My name is Lonnie Pitts. Folks here consider me the keeper of our stories.

Lonnie is the keeper of his people’s stories. Though his community has a rich history, he worries Tamina’s future is in jeopardy.

Lonnie is the keeper of his people’s stories. Though his community has a rich history, he worries Tamina’s future is in jeopardy.

In the 1950s, Tamina was beautiful. There were no towns around us but Rayford and Conroe. It seemed like the land went on and on. In the summertime, I spent most of my time hunting and fishing—deer, coon, rabbit, squirrel. Years later, when the cities were being built around us, the builders would truck in all their trash from the work sites and dump them into our ponds, polluting them so bad all the fish died. We couldn’t get anyone to stop them. 

The Taylors and the Piersons were the first two families to settle in Tamina back in 1871. That’s when the Houston & Great Northern Railroad finished building the tracks from Houston through Montgomery County. My dad told me freed slaves came here from all over—Maryland, Louisiana, Alabama, the Carolinas, and around Texas because of the lumber work they could find. Farming brought people here too. Land could be bought for fifty cents an acre back then. 
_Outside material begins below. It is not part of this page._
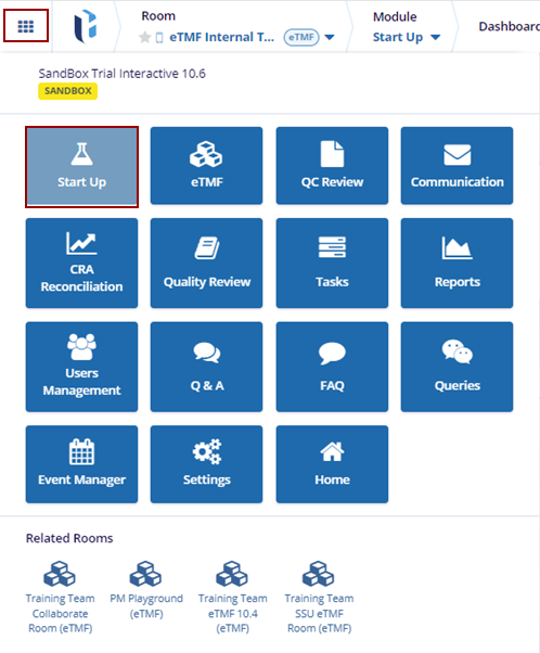 Once the basic settings and contacts are configured for Study Start-Up, users can now move forward to operate the module.

When the Grogan Cochran Lumber Company came in and bought some 3,000 acres for their sawmill back in 1917, that’s when Tamina began to shrink in size. Shenandoah then bought a bunch of my uncle’s farmland. When he got old, I guess it was too hard to keep it up. I remember he plowed every bit of that land with one horse. And Oak Ridge High School was built on Miss Evan’s hog farm. 

Change is slow, because people here can’t seem to get together on one subject. If they could, then they’d be able to accomplish something. The main problem right now is the lack of a sewage system. It’s a big problem. See, right now, a lot is burdening us down. We’re worried Tamina won’t be here another ten years. We worry that if Shenandoah or another town close by puts our utilities in, they’ll have a reason to annex Tamina and can probably tax the residents of Tamina out. We’re about to lose the property from Home Depot to the track. I hear Shenandoah has bought more land to put in a hotel. Tamina’s looking to lose that whole parcel of land. That’s why we’re scared. If they take this from us, where are we going to live?